_Dataset extract:_
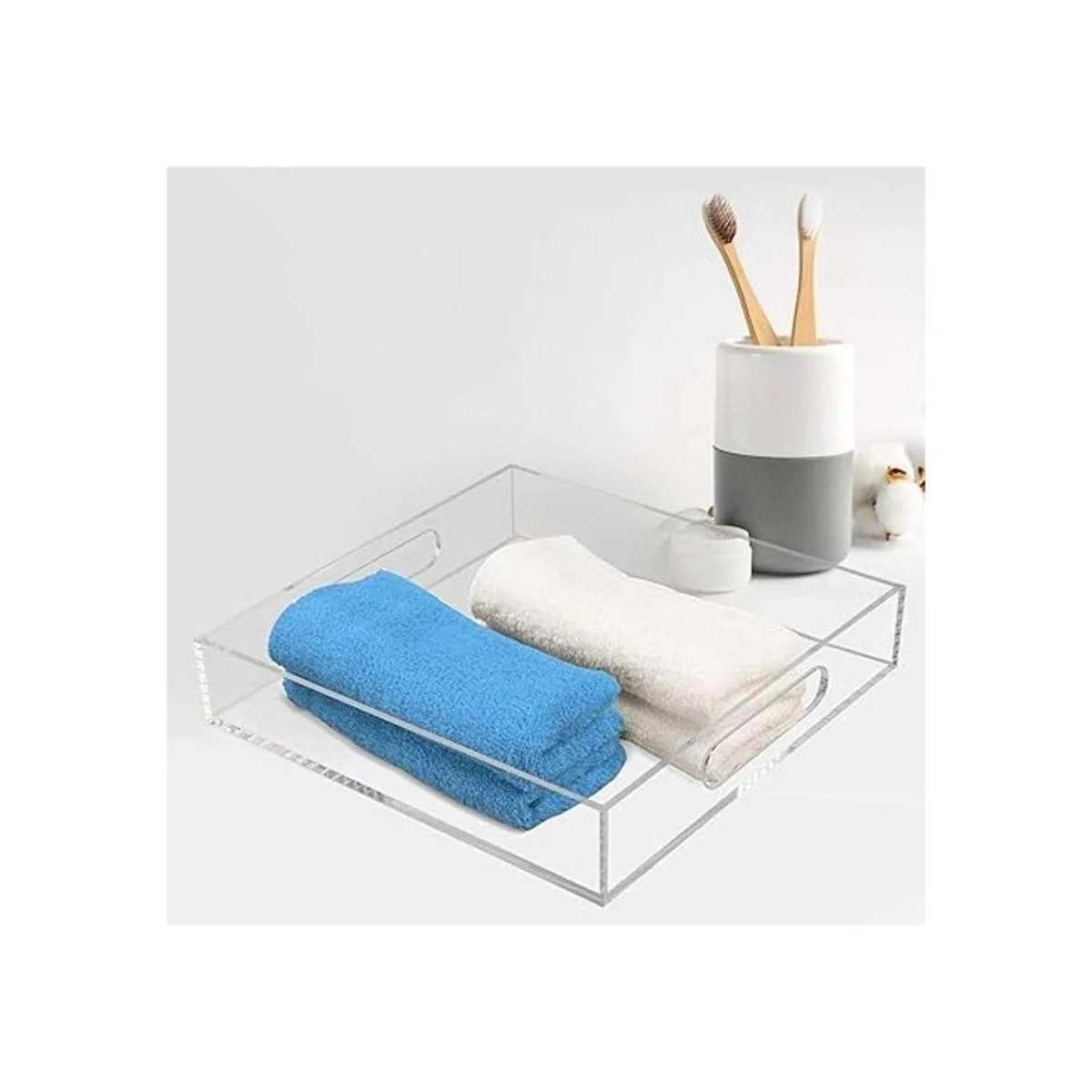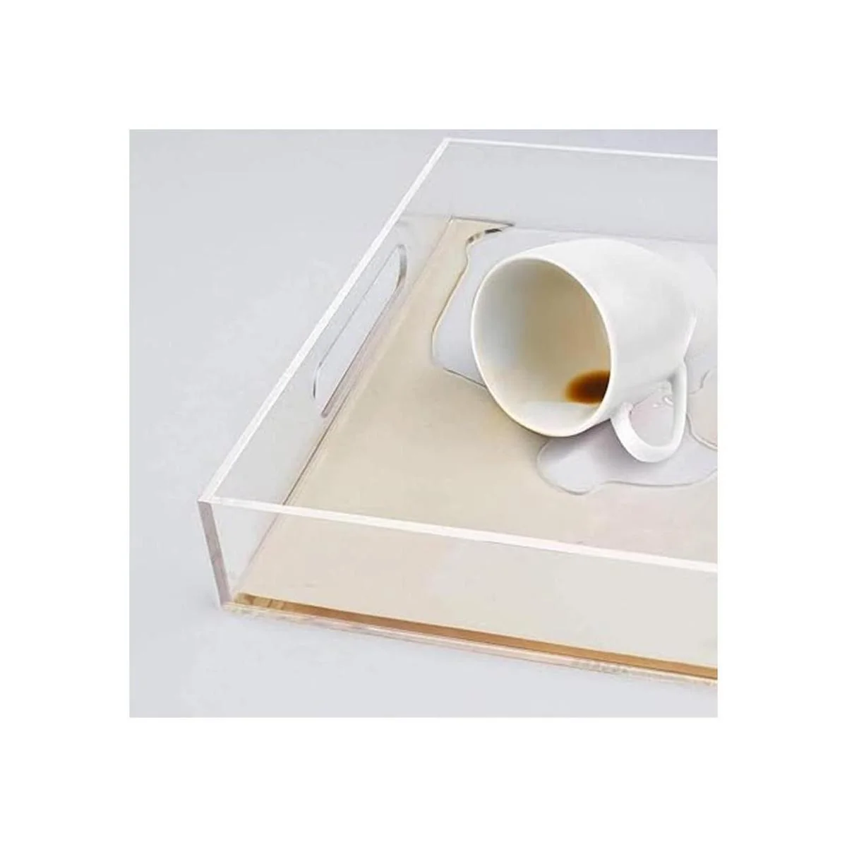 Bandeja de acrílico transparente: hecha de acrílico de 0.197 in de grosor, el diseño de borde liso para un uso más seguro, duradero y práctico; la forma cuadrada y el diseño transparente dan a este organizador de bandeja acrílica un aspecto elegante, moderno y llamativo.
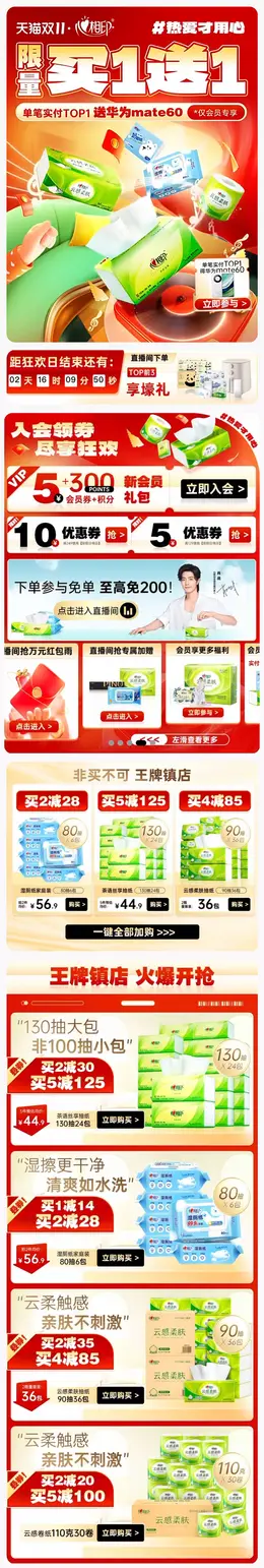心相印 纸品 抽纸 湿巾 日用百货 双11预售 双十一大促活动首页设计
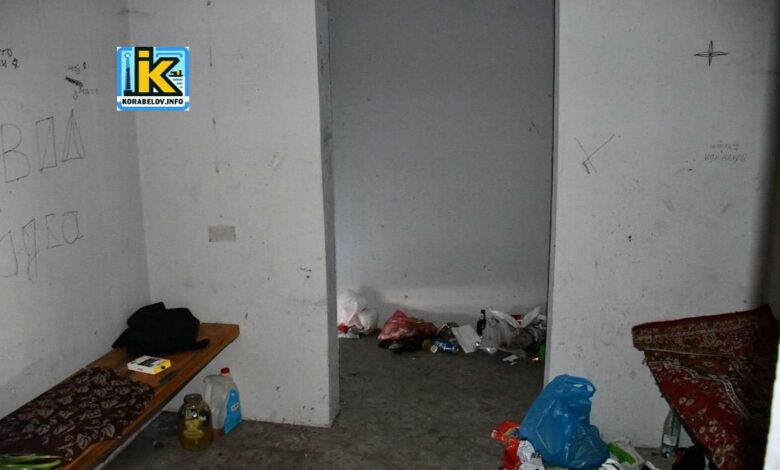 Korabelov.info в очередной раз проверили укрытия на остановках в Корабельном районе Николаева. Первой 18 мая 2024 года мы осмотрели сооружение на остановке «Океановская«. Здесь – ужасная вонь и куча мусора. Люди уверены, что помещение стало жильем для бездомных. И подтверждает это обустроенное спальное место из какого-то ковра, чья-то одежда и самодельный шпингалет, с помощью которого, вероятно, закрываются изнутри.
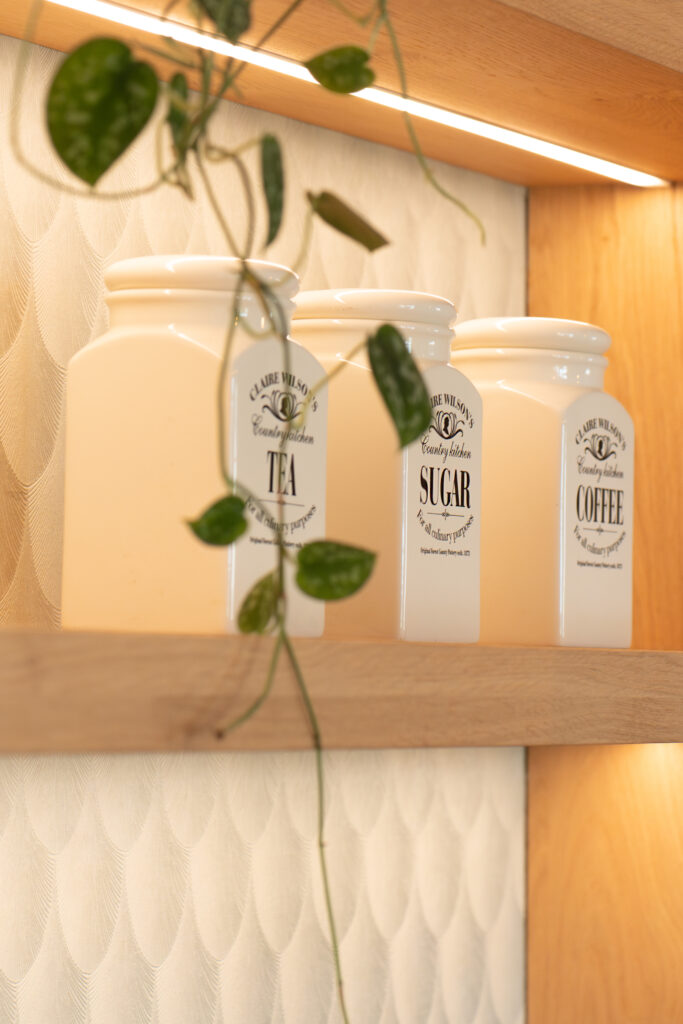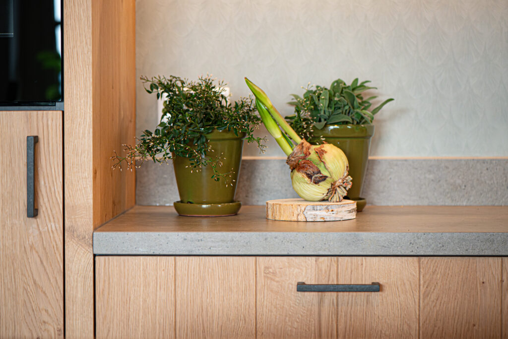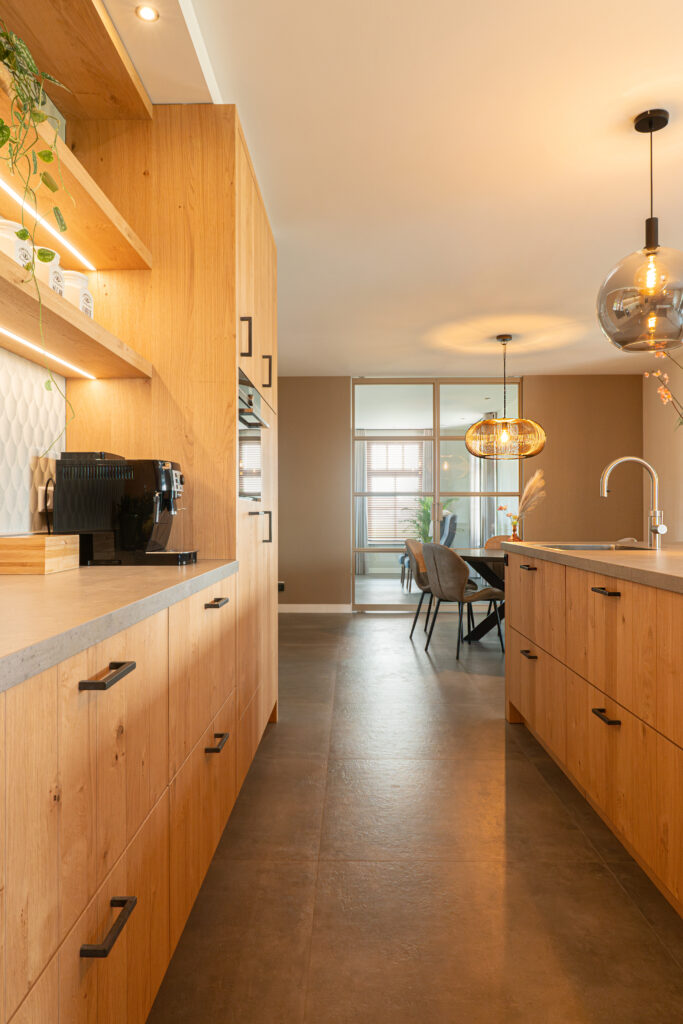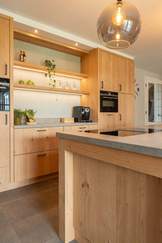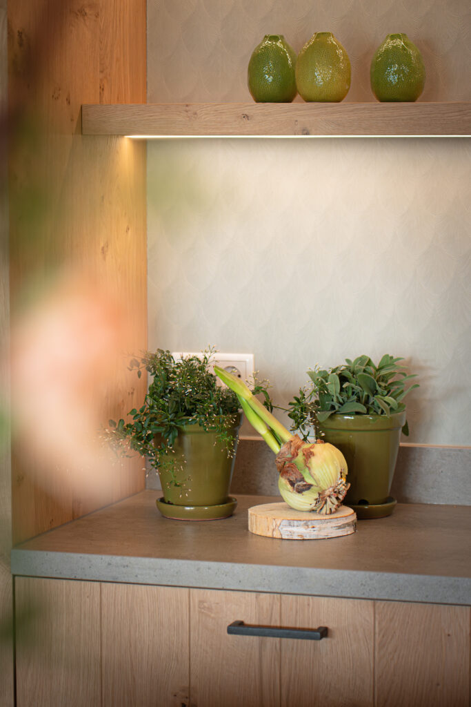 Een speels detail vormen de open planken boven het werkblad, die met geïntegreerde sfeerverlichting extra warmte en karakter aan de keuken toevoegen. Hier is ruimte voor verse kruiden, kookboeken of mooie accessoires, waarmee de bewoners het helemaal naar eigen smaak kunnen maken.

_What you should do:_ A word-for-word reprint of the listing above is needed, minus the pictures.

_Answer:_
 Bandeja de acrílico transparente: hecha de acrílico de 0.197 in de grosor, el diseño de borde liso para un uso más seguro, duradero y práctico; la forma cuadrada y el diseño transparente dan a este organizador de bandeja acrílica un aspecto elegante, moderno y llamativo.
心相印 纸品 抽纸 湿巾 日用百货 双11预售 双十一大促活动首页设计
 Korabelov.info в очередной раз проверили укрытия на остановках в Корабельном районе Николаева. Первой 18 мая 2024 года мы осмотрели сооружение на остановке «Океановская«. Здесь – ужасная вонь и куча мусора. Люди уверены, что помещение стало жильем для бездомных. И подтверждает это обустроенное спальное место из какого-то ковра, чья-то одежда и самодельный шпингалет, с помощью которого, вероятно, закрываются изнутри.
 Een speels detail vormen de open planken boven het werkblad, die met geïntegreerde sfeerverlichting extra warmte en karakter aan de keuken toevoegen. Hier is ruimte voor verse kruiden, kookboeken of mooie accessoires, waarmee de bewoners het helemaal naar eigen smaak kunnen maken.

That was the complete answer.